* **TASK**
From the listing below, reproduce exactly the lines starting with the one with "2.3. Regional Stress" and going on through the one with "These findings were", both ends kept. No picture is copied.

* **SUPPLIED ENTRIES**
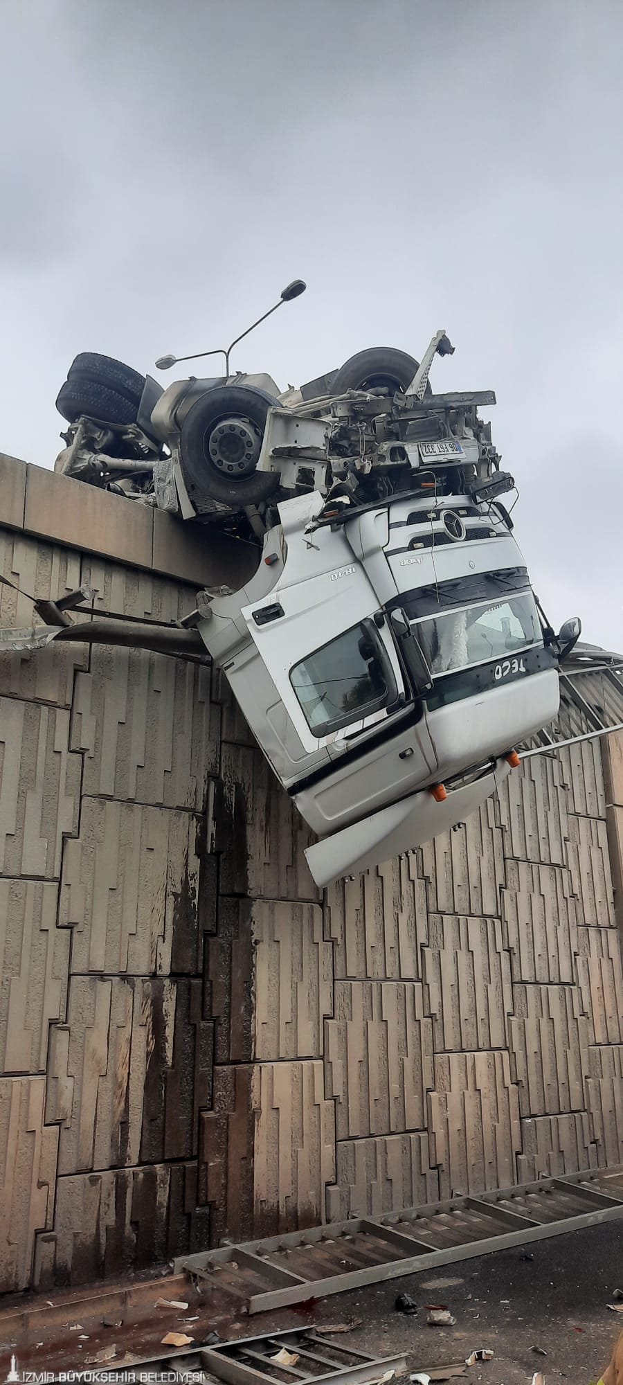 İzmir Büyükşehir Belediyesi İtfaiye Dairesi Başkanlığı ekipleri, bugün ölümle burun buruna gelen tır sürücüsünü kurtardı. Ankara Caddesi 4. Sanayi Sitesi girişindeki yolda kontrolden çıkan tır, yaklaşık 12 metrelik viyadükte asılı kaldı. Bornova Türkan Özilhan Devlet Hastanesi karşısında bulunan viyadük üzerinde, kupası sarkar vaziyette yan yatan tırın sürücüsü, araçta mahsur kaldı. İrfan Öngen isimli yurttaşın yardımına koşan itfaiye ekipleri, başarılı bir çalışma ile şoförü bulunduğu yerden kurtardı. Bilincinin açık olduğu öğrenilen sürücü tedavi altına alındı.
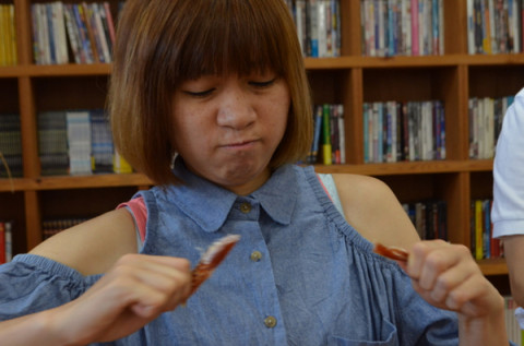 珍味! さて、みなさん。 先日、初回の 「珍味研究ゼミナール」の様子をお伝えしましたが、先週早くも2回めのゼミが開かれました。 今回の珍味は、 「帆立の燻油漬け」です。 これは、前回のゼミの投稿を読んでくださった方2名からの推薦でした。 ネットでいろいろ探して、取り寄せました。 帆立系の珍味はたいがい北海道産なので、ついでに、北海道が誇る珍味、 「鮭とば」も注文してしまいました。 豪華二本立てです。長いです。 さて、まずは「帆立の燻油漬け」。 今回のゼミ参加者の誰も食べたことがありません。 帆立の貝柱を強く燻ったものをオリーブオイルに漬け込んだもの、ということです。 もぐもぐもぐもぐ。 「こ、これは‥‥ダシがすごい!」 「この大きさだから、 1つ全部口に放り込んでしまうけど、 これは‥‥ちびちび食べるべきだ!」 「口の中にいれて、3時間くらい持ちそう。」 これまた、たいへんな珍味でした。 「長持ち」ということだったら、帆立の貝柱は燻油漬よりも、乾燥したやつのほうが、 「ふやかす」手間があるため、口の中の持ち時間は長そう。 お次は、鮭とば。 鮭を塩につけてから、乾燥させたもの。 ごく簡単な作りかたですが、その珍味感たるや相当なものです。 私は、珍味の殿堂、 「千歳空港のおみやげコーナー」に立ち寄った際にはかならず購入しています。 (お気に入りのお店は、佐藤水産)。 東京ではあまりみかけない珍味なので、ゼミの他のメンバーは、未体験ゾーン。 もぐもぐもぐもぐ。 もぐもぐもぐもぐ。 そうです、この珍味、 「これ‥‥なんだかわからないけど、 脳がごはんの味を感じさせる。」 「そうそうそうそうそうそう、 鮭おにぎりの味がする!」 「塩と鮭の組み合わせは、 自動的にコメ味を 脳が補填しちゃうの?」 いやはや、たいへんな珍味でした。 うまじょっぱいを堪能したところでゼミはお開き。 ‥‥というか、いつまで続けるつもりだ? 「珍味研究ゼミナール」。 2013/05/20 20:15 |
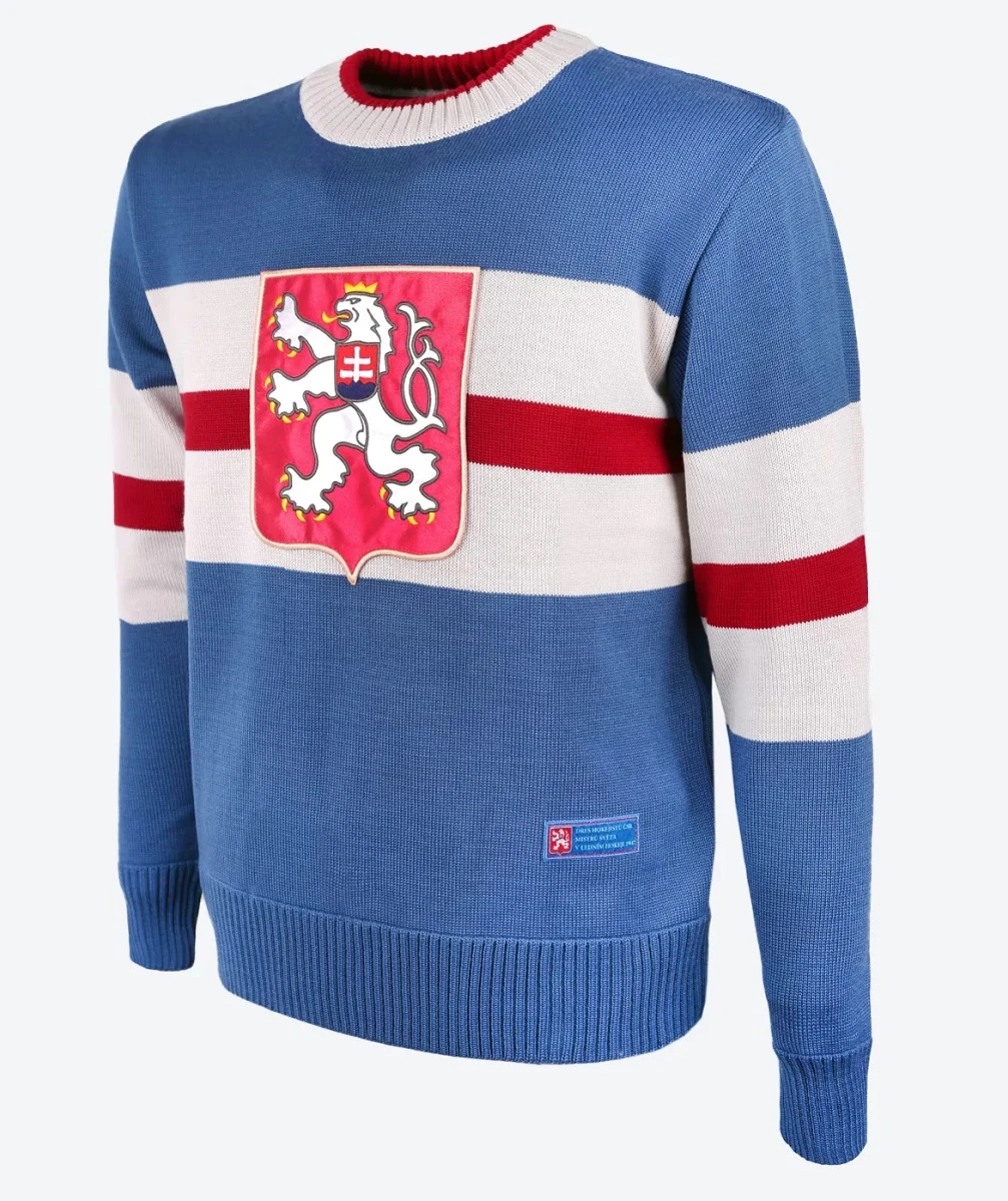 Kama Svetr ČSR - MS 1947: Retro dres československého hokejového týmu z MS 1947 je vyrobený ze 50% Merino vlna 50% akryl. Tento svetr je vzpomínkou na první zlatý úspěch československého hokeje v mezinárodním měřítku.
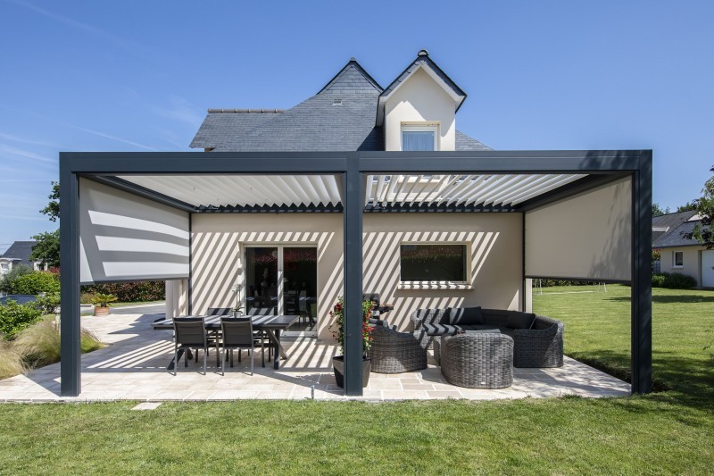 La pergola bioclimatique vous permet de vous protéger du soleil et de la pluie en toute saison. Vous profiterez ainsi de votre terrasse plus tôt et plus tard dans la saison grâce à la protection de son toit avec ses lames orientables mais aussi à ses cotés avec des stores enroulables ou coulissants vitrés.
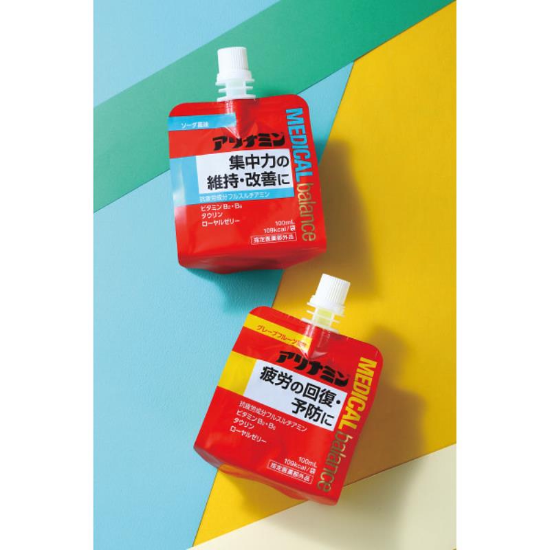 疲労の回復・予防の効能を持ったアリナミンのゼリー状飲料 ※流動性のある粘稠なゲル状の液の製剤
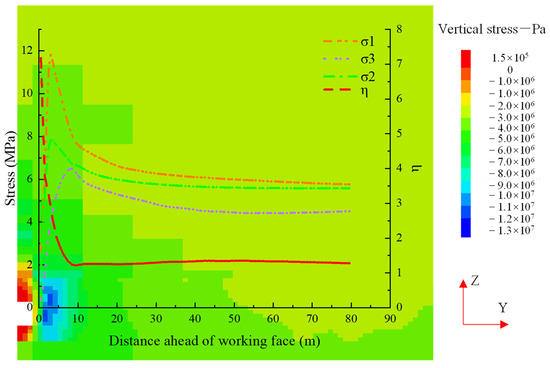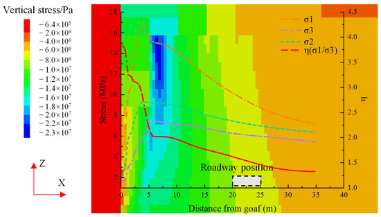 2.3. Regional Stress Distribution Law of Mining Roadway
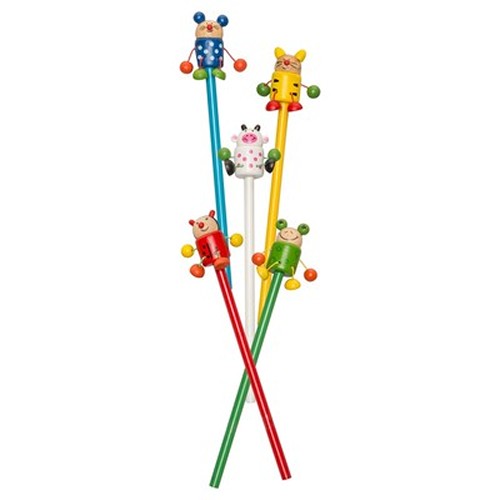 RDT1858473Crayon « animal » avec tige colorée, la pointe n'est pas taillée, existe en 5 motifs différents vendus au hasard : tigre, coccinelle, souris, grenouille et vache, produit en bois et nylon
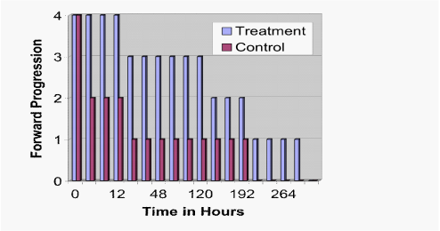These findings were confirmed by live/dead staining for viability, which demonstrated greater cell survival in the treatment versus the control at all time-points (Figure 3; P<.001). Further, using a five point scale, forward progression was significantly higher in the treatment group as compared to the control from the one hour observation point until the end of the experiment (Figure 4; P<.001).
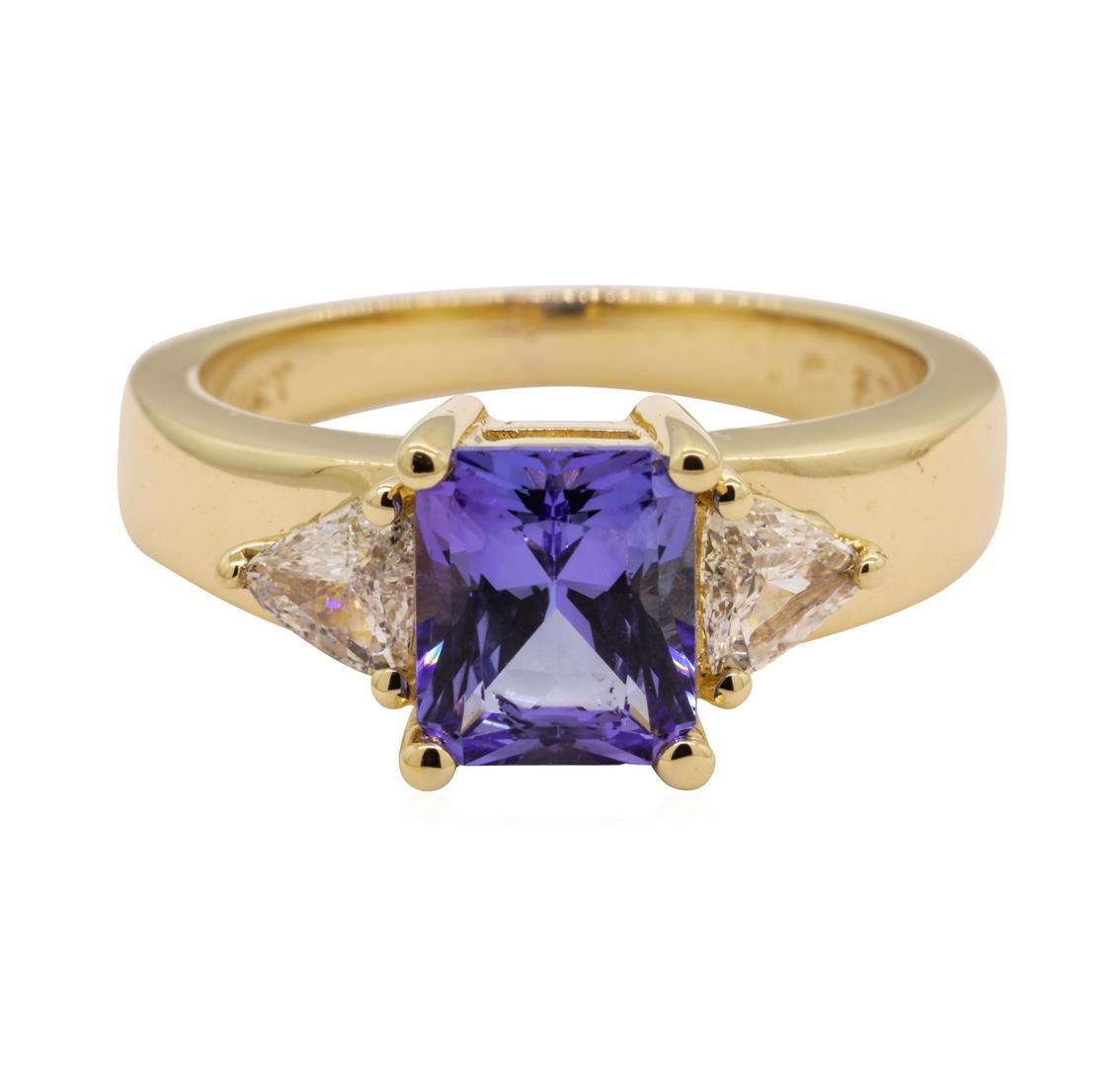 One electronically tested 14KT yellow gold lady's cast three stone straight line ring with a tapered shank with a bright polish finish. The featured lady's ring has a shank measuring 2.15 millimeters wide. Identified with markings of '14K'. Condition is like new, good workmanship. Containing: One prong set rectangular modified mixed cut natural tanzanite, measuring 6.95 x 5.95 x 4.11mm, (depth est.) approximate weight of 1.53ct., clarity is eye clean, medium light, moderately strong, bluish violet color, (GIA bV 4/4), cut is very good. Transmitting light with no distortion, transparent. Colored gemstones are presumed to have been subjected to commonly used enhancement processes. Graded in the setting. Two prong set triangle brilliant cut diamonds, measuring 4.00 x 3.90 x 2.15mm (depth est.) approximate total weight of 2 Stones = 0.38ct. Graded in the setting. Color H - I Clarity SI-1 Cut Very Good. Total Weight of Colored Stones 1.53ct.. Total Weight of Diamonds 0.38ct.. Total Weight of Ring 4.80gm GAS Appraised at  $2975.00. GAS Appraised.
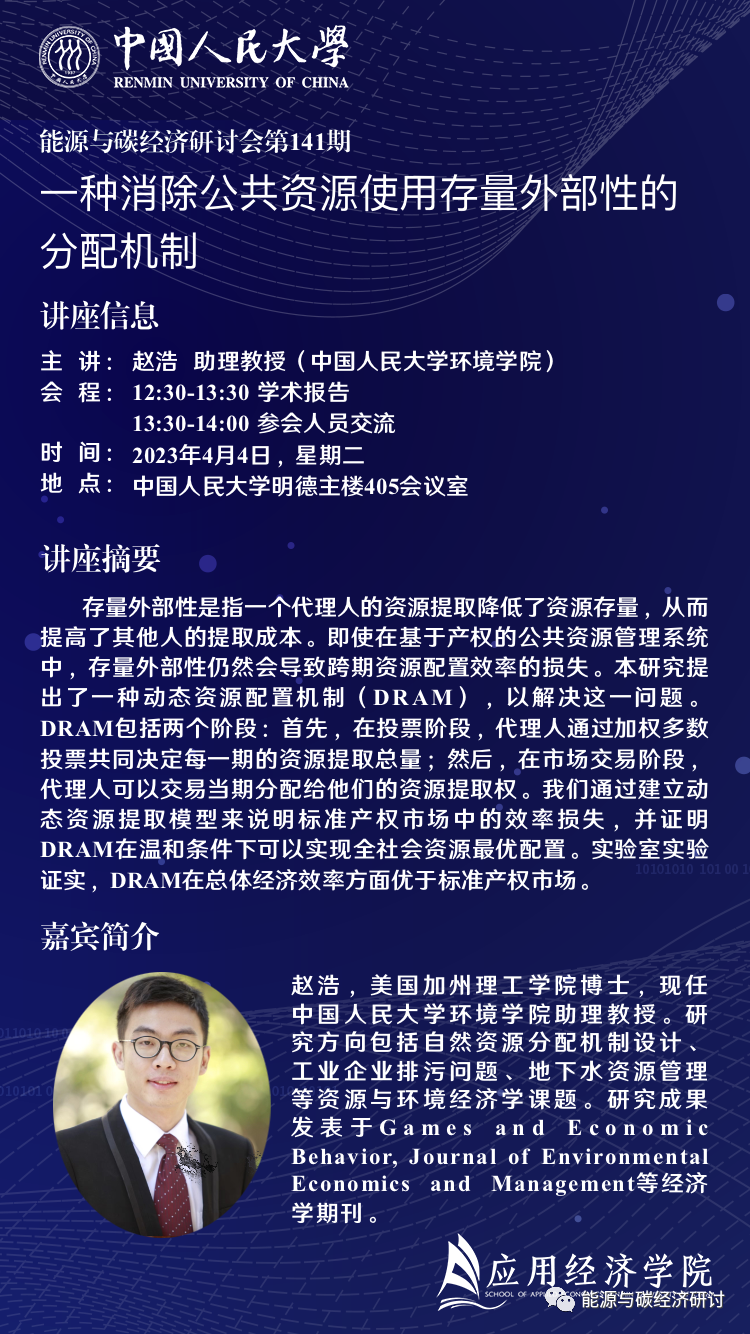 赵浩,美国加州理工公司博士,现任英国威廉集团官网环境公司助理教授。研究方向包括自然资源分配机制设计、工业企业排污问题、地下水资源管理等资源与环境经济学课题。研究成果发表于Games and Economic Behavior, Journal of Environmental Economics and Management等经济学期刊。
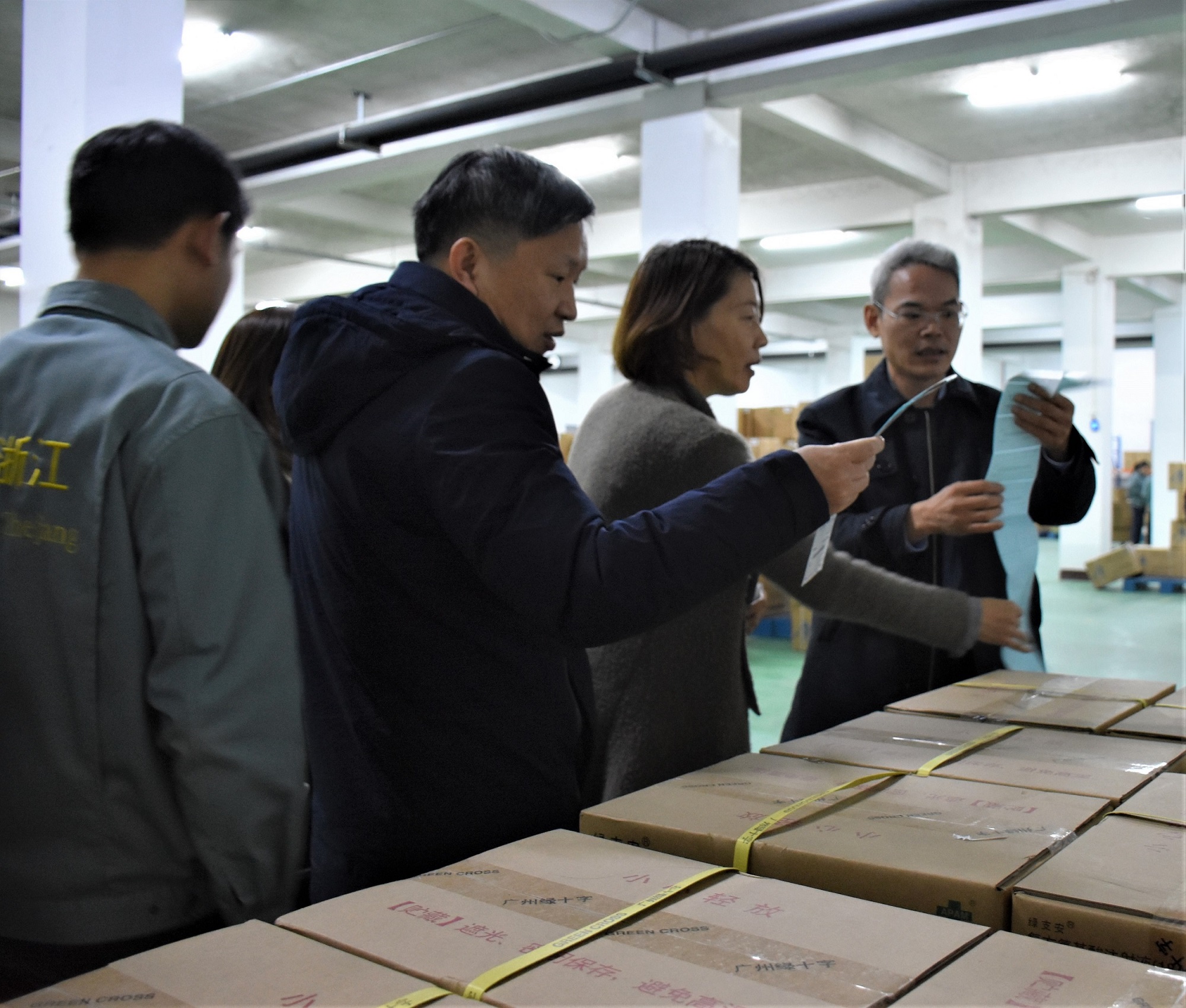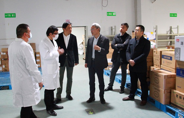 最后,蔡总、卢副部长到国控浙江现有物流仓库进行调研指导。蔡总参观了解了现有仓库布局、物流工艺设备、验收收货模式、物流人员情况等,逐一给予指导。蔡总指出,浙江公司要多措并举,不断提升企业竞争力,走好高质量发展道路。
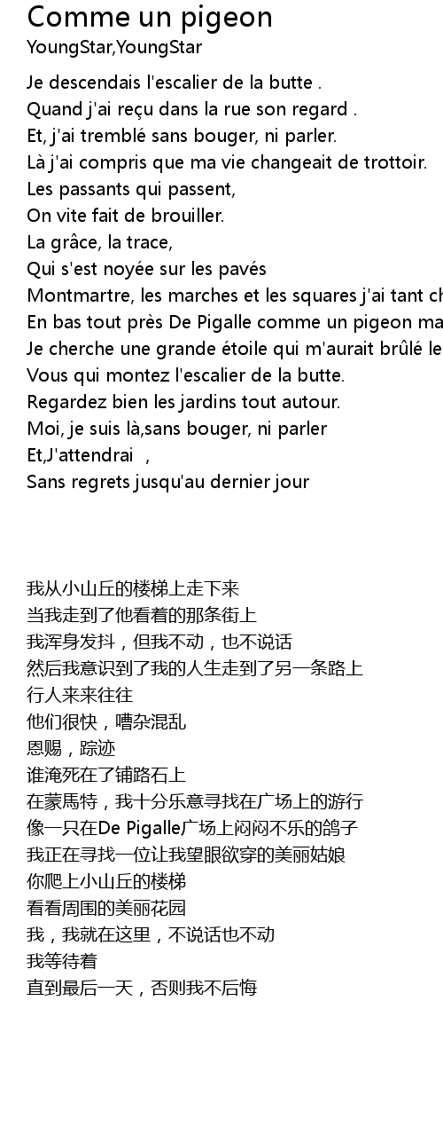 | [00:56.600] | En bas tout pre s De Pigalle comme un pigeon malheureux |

* **FINAL ANSWER**
 2.3. Regional Stress Distribution Law of Mining Roadway
 RDT1858473Crayon « animal » avec tige colorée, la pointe n'est pas taillée, existe en 5 motifs différents vendus au hasard : tigre, coccinelle, souris, grenouille et vache, produit en bois et nylon
These findings were confirmed by live/dead staining for viability, which demonstrated greater cell survival in the treatment versus the control at all time-points (Figure 3; P<.001). Further, using a five point scale, forward progression was significantly higher in the treatment group as compared to the control from the one hour observation point until the end of the experiment (Figure 4; P<.001).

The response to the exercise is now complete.